A Reluctant Lover

In my personal devotions I read this quote adapted from Erwin McManus’ book “Soul Cravings

“Religion exists not because God loves too little but because we need love so much.  We’ve been told that God is a reluctant lover and that his standards must be met before there can be any talk of love.  This is lunacy. Love exists because God is love.  Our souls will never find satisfaction until our hearts have found this love that we so desperately yearn for.”

In dealing with adherents of the Prosperity Gospel or those that believe that God’s blessings are contingent, it’s often pointed out how much suffering has been endured by those who were indeed walking a straight path with God.  Paul is perhaps our greatest example of an obedient servant who suffered greatly because he obeyed all that God had for him.

But this passage helped me reflect on how often God’s blessings are also available to those who don’t deserve them.  Starting with the gift of grace and passed on down through innumerable experiences, people are being given gifts by God simply because he loves them.  Love after all, keeps no record of right and wrong.

God’s blessings are not available to us because of what we’ve done.  They are there because of who we are, people loved by God.
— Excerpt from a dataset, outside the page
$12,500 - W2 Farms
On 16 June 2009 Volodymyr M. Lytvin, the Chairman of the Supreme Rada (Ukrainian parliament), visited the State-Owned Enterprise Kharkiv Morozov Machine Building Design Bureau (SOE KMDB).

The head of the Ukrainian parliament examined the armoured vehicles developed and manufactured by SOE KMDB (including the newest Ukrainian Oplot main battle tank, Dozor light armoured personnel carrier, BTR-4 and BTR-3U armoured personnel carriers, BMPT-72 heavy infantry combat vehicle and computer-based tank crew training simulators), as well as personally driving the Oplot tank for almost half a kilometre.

8 thoughts on “A Reluctant Lover

  1. “We love because He first loved us.”

    That’s in the Bible (somewhere).

    “God’s blessings are not available to us because of what we’ve done. They are there because of who we are, people loved by God.”

    Well said! Amen!

  2. ” God’s blessings are not available to us because of what we’ve done. They are their because of who we are, people loved by God.”

    Amen, Tim!

    Well said.

    God helps those who can not help themselves……

    He also blesses the undeserving….
    I am completely totally undeserving of His grace & forgiveness……..
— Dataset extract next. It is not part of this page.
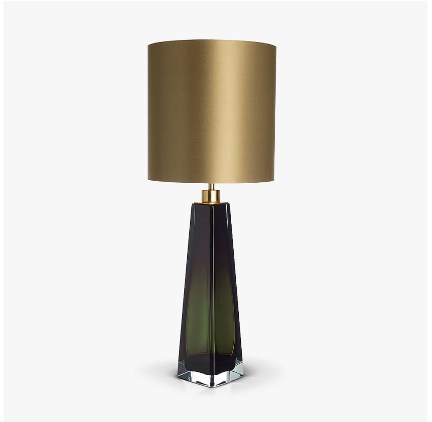
TL709 in Forest Green & Clear Murano Glass with Brushed Gold and 11 Inch Tall Drum Shade in 1806W/ Timber Wolf

    But because HE loved me, He gave His son so I can receive the gift of Eternal life.

    Wow, that knocks my socks off!

    That is the GOOD news, or shall I say GREAT news —


  3. I do believe there are blessings that we receive because of our obedience to God, even though we don’t always notice them and/or may not receive them in this life. And, yes, there are plenty of blessings that we receive simply because we are God’s children.

    Unfortunately, there are those (in both Mormonism and in evangelical Christianity, especially among the prosperity-gospel types) who take the concept too far. They seem to want to turn God into some sort of a cash register — hey, if I pay my tithing, my bills will be paid, and if I double-tithe, I’ll be rich! That sort of thinking really rubs me the wrong way (partly because it seems those who preach it have the biggest followings on TV). Sometimes, I think, we’re meant to suffer (but I wouldn’t go to the extreme and say, as I have heard some day, that persecution is a sign we must be doing something right).
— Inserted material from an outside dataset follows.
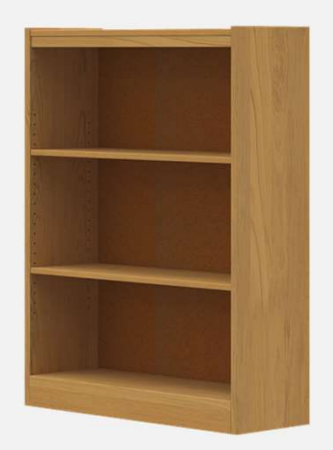
SHSS-4812 Single Face Starter 12" x 37"w x 48"h

    I’m prompted to post this in part because of a discussion on another thread:

    Shematwater said in part:

    In my mind, as I have read the scriptures, if you do not enter into a covenant with God you will not receive the blessings. If you have received the blessings than you have entered into a covenant.

    To which Katie L. responded in part:

    Where does grace fit into your worldview?

    It’s a good question. But I think the same question needs to be asked of the other side. So in response to the original post, I would ask this of Tim, and perhaps of Theoldadam and Gloria as well: Are you saying that there are no blessings that come about because of the choices we make? If your answer is no, then what do you think is the connection between our behavior and the blessings we get? I’d appreciate a clarification of your thoughts, as it may help may clarify my own. Thanks.

  4. I think we do get blessings. But they are not what the world would normally think of as blessings.

    St. Paul was run from town to town, beaten, stoned, jailed…and he called these blessings from God.

    Look at the lives of the apostles. They had a rough go of it and all but one died horrible deaths. Surely they were worthy of “blessings”.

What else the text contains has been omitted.